* Task objective *
Range to copy from the entries below: the line containing "自然 植物 ジュズサンゴ、南米原産の花。秋から冬に艶々の赤い実をつけます" through the line containing "конверсии – в 12 %.", inclusive. Retype only those lines, exactly, without any images.

----- Available data -----

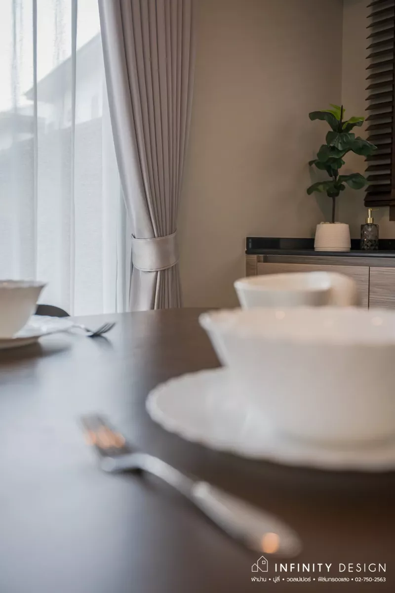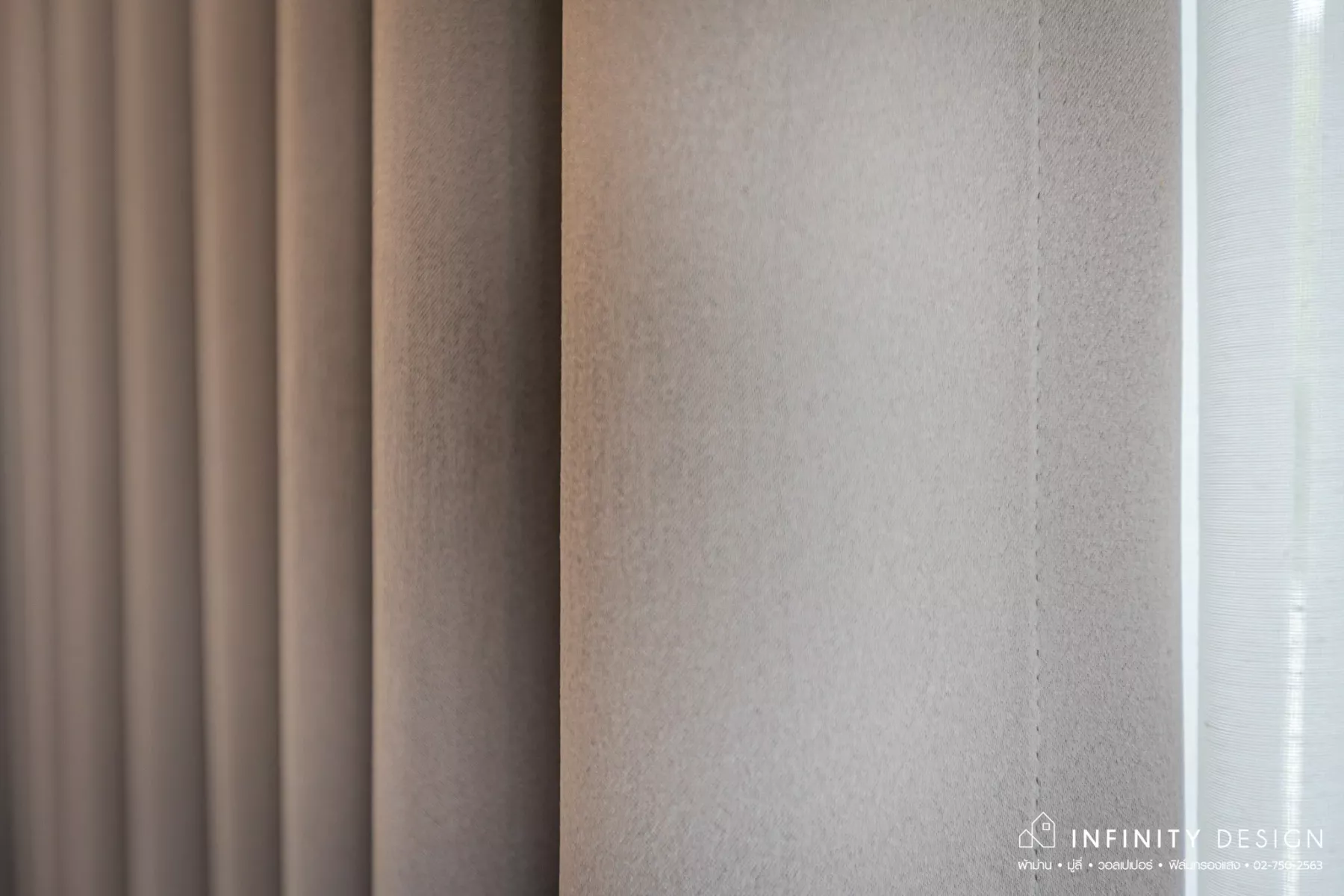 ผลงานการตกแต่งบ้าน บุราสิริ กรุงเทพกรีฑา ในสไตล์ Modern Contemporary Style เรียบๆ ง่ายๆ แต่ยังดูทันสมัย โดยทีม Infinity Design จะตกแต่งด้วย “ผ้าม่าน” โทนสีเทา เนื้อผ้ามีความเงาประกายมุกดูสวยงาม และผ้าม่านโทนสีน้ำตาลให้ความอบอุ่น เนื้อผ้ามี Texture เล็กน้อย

-----
----- Available data -----

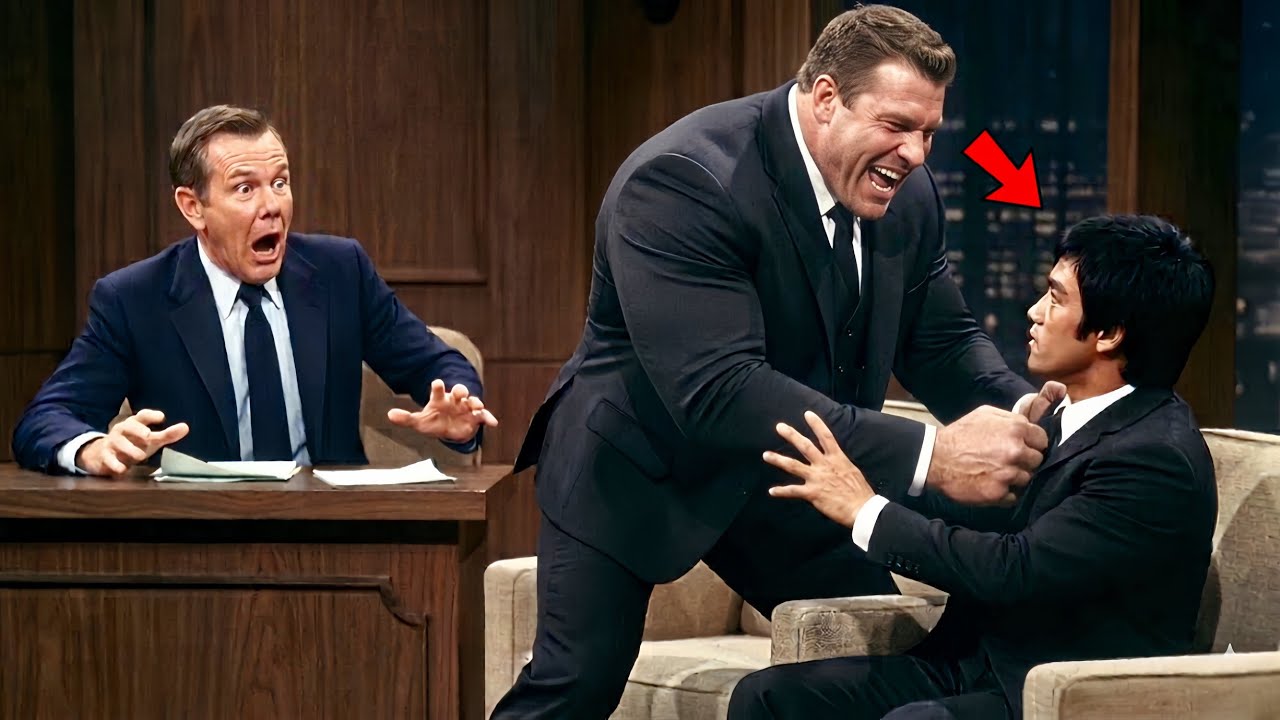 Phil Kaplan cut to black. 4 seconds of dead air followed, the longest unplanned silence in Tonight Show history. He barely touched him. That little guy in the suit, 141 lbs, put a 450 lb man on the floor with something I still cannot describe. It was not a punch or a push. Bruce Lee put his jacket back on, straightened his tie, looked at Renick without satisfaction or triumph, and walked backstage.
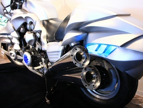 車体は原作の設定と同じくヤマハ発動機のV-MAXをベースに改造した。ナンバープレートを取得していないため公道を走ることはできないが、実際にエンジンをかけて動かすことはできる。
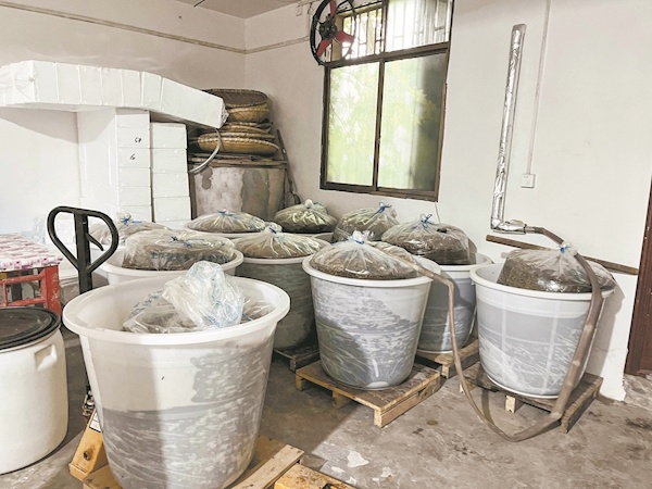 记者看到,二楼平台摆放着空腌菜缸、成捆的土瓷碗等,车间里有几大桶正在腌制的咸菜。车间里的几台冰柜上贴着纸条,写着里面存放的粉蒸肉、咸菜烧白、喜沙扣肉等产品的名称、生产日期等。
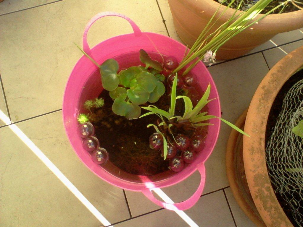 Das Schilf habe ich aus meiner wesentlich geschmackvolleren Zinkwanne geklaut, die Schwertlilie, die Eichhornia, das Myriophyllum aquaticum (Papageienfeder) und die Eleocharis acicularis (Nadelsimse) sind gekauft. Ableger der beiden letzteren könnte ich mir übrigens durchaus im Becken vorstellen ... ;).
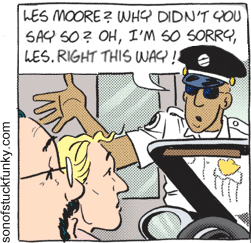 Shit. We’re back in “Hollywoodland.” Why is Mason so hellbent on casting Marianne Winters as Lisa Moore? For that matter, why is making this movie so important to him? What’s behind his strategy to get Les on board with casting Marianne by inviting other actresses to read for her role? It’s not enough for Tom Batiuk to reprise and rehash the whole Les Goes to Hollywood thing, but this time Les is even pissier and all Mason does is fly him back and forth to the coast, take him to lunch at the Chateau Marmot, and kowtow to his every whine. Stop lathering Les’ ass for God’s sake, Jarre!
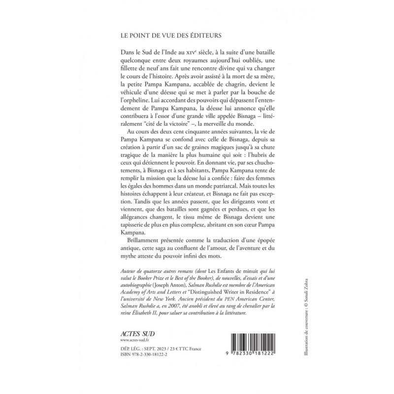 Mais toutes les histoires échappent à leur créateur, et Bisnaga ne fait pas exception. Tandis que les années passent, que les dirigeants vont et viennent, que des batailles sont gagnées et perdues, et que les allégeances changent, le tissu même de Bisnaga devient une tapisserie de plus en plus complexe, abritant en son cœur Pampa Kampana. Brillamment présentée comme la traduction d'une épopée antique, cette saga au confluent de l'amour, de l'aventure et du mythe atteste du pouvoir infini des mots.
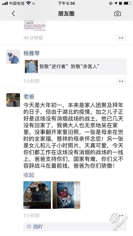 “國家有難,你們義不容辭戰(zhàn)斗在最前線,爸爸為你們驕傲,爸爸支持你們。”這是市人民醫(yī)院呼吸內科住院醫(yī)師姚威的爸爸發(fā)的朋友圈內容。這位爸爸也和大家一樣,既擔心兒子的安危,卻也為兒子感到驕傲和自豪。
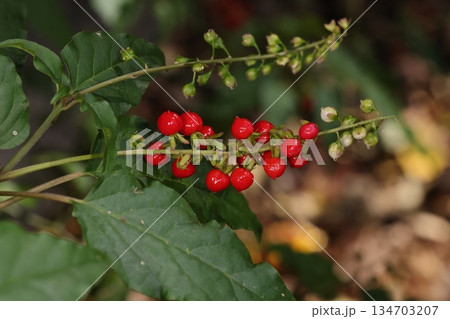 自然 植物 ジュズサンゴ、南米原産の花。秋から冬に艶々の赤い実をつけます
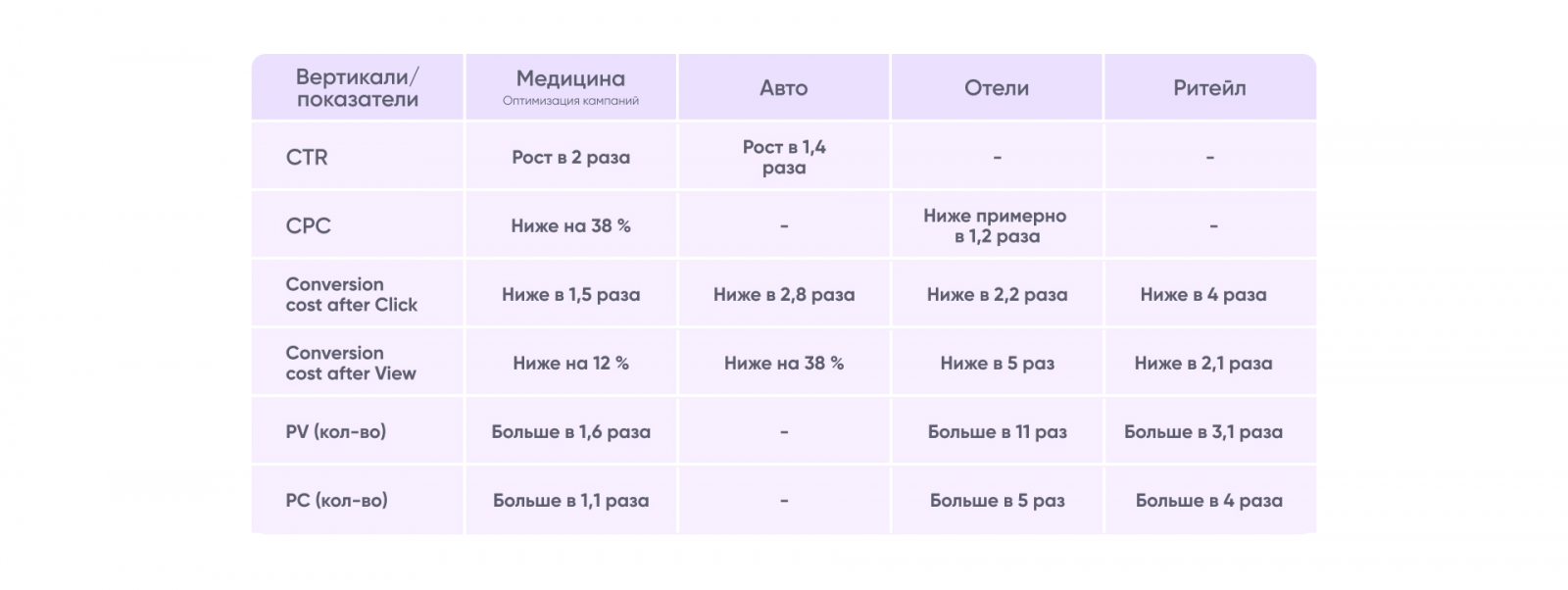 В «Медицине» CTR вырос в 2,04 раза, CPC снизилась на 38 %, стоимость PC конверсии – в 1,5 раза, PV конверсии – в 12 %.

-----
----- Available data -----

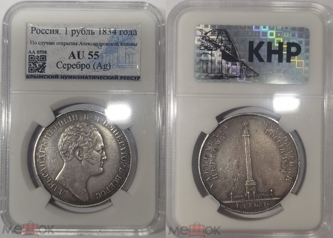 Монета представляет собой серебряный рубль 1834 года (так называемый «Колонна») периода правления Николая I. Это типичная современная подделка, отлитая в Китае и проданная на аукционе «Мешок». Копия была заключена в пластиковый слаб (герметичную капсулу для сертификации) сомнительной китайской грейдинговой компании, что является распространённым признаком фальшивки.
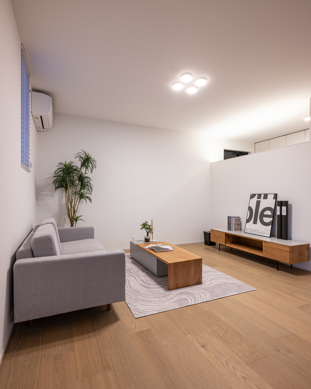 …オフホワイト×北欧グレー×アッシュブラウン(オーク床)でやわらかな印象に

-----

* Solution *
 自然 植物 ジュズサンゴ、南米原産の花。秋から冬に艶々の赤い実をつけます
 В «Медицине» CTR вырос в 2,04 раза, CPC снизилась на 38 %, стоимость PC конверсии – в 1,5 раза, PV конверсии – в 12 %.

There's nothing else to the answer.